AIM OF THE TASK:
Give back an exact copy of the lines in the records below, from the line that has "Voorbeeld: Je slaat" through the line that has "4PCS Wireless Remote", and nothing besides.

SUPPLIED MATERIAL:
----------------------------------------

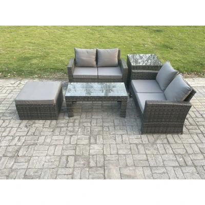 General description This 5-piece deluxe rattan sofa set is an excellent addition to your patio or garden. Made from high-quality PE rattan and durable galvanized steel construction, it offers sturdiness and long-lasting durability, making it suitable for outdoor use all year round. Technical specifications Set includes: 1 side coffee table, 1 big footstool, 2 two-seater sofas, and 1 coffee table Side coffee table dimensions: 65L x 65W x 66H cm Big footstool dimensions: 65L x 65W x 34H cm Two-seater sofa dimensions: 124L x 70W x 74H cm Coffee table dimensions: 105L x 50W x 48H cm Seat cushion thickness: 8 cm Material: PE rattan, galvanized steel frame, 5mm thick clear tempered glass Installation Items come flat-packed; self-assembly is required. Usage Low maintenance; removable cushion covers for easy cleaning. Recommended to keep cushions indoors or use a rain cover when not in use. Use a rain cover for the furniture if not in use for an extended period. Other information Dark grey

----------------------------------------

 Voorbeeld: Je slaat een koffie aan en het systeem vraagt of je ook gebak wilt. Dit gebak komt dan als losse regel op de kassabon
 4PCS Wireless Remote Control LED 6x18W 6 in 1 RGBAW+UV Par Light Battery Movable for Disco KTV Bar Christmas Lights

----------------------------------------

ANSWER BELOW:
 Voorbeeld: Je slaat een koffie aan en het systeem vraagt of je ook gebak wilt. Dit gebak komt dan als losse regel op de kassabon
 4PCS Wireless Remote Control LED 6x18W 6 in 1 RGBAW+UV Par Light Battery Movable for Disco KTV Bar Christmas Lights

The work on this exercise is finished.